A Miracle Resurrection: Can Strauss-Kahn Rebound From The Chambermaid Affair?
Coverage at FT.com—Europe’s equivalent to The New York Times—indicates the French may quickly put aside DSK’s scandals. A miracle resurrection is indeed rare, reportedly experienced by just one other Jew in world history, some 2,000 years ago.
Seriously, the pending comeback of Dominique Strauss-Khan is an amazing story of the rise and fall, and rise again, of a towering European political figure. DSK headed the IMF, and he was about to announce a run for the French presidency just when the stunning May 14 hotel chambermaid rape allegations resulted in dramatic Strauss-Kahn’s detention and subsequent arrest on an airplane as he was about to leave the U.S.
Strauss-Kahn is known throughout Europe as DSK. Three-initial status to Americans is reserved for JFK, LBJ, MLK. Strauss-Kahn is about that big.

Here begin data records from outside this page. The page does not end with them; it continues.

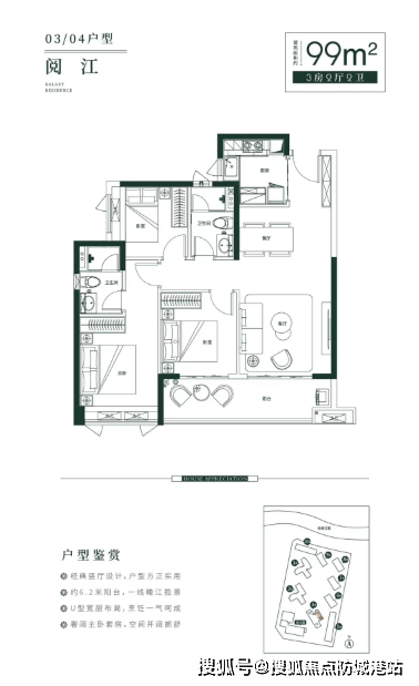 建面约99平方米三房两厅两卫:经典竖厅设计,户型方正实用,配备约6.2米阳台,可以无遮挡瞰江揽景;U型宽厨布局,使得烹饪更加流畅;奢阔主卧套房,空间开阔朗舒。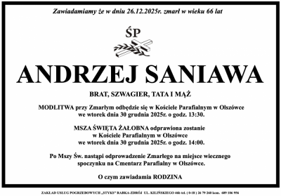 Podhale24.pl zastrzega sobie prawo do nie publikowania wspomnień, w szczególności tych nie związanych z profilem działu nekrologi, zawierających wulgaryzmy, wzywających do zachowań niezgodnych z prawem, obrażających osoby publiczne i prywatne, obrażających inne narodowości, rasy, religie itd, oraz te, bez możliwości telefonicznej lub mailowej weryfikacji ich autora.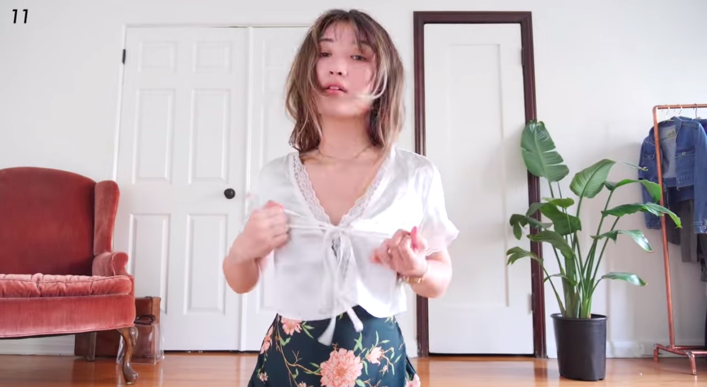 当然,你也可以把薄吊带裙改造成半身裙,只要套件T恤就OK。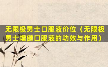 无限极(Infinitus)是一家中国的健康产品公司,提供多种保健品,包括针对不同人群的口服液。无限极男士口服液是专为男性设计的保健品,旨在帮助男性维持健康和活力。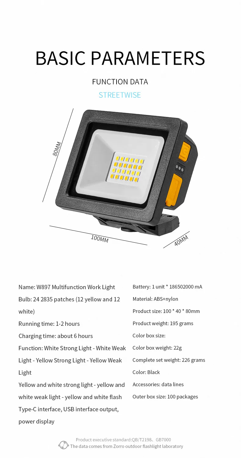 Function: white strong light - white weak light - yellow strong - yellow weak light - yellow and white strong light - yellow and white weak light - yellow and white flash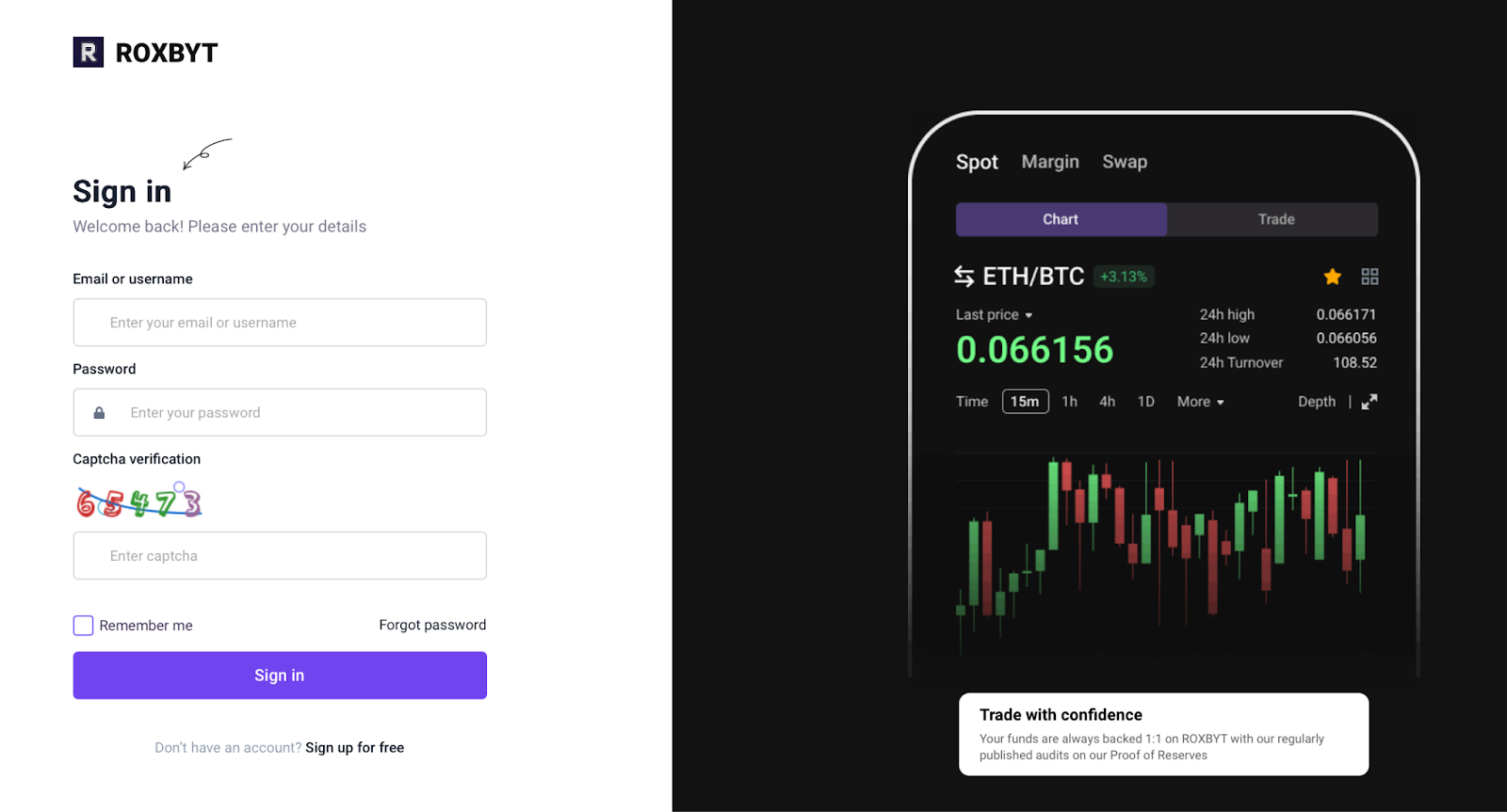На сайте платформы сказано, что Roxbyt — биржа мирового уровня с огромной аудиторией и внушительными резервами. Ее представляют как торговую площадку для покупки, продажи и хранения криптоактивов через защищенную систему.

DSK achieved star status partly because he’s married to Anne Sinclair. To call Sinclair the Diane Sawyer of Europe shortchanges Sinclair. Her Sunday news show was the French equivalent to 60 Minutes.
Sinclair, 62, as is DSK, is the granddaughter of Paul Rosenberg, one of France's biggest art dealers and renowned for representing Pablo Picasso, Braque, and Henri Matisse.. She was raised by Jewish parents who fled the Holocaust. She comes from a family of art collectors. Her father was a close friend of Picasso and her mother was the subject of Picasso paintings.
According to The New York Times, “Sinclair did over 500 interviews, including of presidents like François Mitterrand, Mikhail Gorbachev, and Bill Clinton, as well as Hillary Rodham Clinton as first lady, and stars like Yves Montand and even Madonna.” Her Sunday evening show has attracted as many as 12 million viewers.
The exoneration of DSK and his treatment will be played in France as an example of the shortcomings of the American justice system. In France, there is no “perp walk.” You don’t get treated like your guilty, and we did treat DSK like he was guilty.
The French criminal law system in some ways, sometimes may actually be better than what we do in the U.S. It’s possible. What’s certain is the French will see this as one other way they are superior to Americans.
Europeans, in general, and the French, in particular, don’t expect marital fidelity of their politicians. They regard Americans as prudish for ruining the public reputation of our political figures over extramarital affairs and peccadilloes. Just look at Italy’s Prime Minister Sylvio Burlusconi many sex scandals or the story about Mitterand’s mistress.
So the question after today’s courtroom drama is whether all of the criminal charges against DSK will be dropped and whether he can come back.
Despite the French people’s tolerance of extramarital affairs, and despite the fact that the chambermaid’s allegations of rape by appear to be on their way to being discredited, the incident in New York may have damaged DSK’s reputation irreparably.
The hotel chambermaid’s allegations were not the first against Strauss Kahn. In 2002, French journalist Tristane Banon, said DSK tried to rape, or at least sexually assault, her. And in August 2008, Hungarian economist Piroska Nagy resigned from the IMF and Strauss-Kahn was up front about an affair with Nagy, saying, "It was an incident in my private life and at no time did I abuse my position as the fund's managing director."
In addition, the
lawyer for the chambermaid today was very convincing in a press conference. He provided graphic details of the alleged sex attack, citing photographs of the woman's "bruised vagina" and medical evidence of other injuries, plus evidence of semen that she had spat out into the room.
This is not the usual fare on A4A, but this is one salacious story and I could not resist writing about it.
What do you think? Will the French overlook the accusations? Has the accuser been discredited? Is Strauss-Kahn just the victim of an immigrant who saw a way to make a quick buck?